WHAT TO WORK ON
In the data below, locate the line containing "Труба 40х20 выполняет" and the line containing "Custom marquee letter", then retype both and everything between them exactly. Pictures are not part of the copy.

DATA UNDER STUDY
---

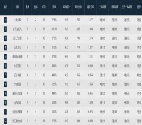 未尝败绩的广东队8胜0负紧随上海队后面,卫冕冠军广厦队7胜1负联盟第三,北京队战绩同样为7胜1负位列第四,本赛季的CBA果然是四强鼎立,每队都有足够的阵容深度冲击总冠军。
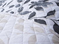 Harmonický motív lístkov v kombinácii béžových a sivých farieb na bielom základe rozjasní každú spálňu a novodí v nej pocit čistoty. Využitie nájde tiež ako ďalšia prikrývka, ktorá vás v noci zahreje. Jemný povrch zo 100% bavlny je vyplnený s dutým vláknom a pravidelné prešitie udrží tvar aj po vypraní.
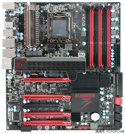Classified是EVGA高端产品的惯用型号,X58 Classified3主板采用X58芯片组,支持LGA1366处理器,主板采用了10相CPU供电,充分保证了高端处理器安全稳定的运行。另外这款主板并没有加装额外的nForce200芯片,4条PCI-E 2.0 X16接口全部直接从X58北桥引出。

---

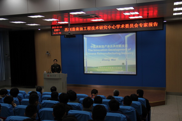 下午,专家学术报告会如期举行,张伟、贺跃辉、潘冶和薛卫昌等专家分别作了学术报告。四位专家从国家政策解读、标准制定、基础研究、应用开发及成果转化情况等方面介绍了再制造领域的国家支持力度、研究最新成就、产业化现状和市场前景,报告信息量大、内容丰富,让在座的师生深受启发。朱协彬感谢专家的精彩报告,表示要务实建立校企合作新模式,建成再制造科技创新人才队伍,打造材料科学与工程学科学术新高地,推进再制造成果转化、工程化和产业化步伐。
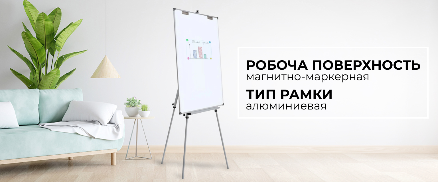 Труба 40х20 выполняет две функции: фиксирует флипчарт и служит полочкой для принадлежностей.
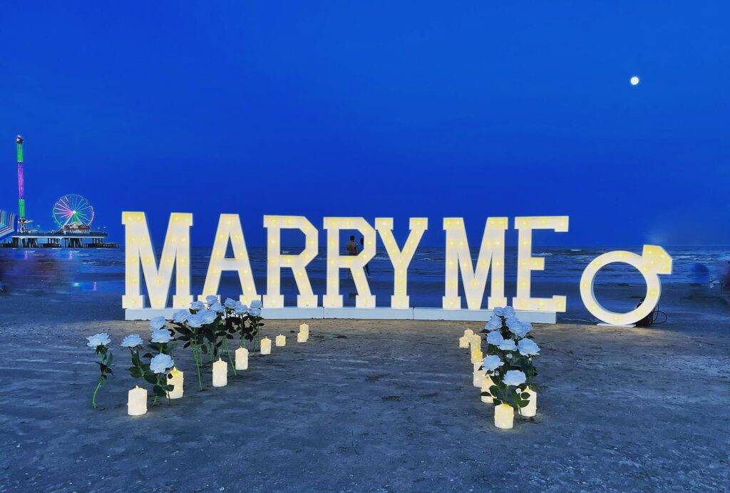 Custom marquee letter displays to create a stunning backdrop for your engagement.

---

EXPECTED ANSWER
 Труба 40х20 выполняет две функции: фиксирует флипчарт и служит полочкой для принадлежностей.
 Custom marquee letter displays to create a stunning backdrop for your engagement.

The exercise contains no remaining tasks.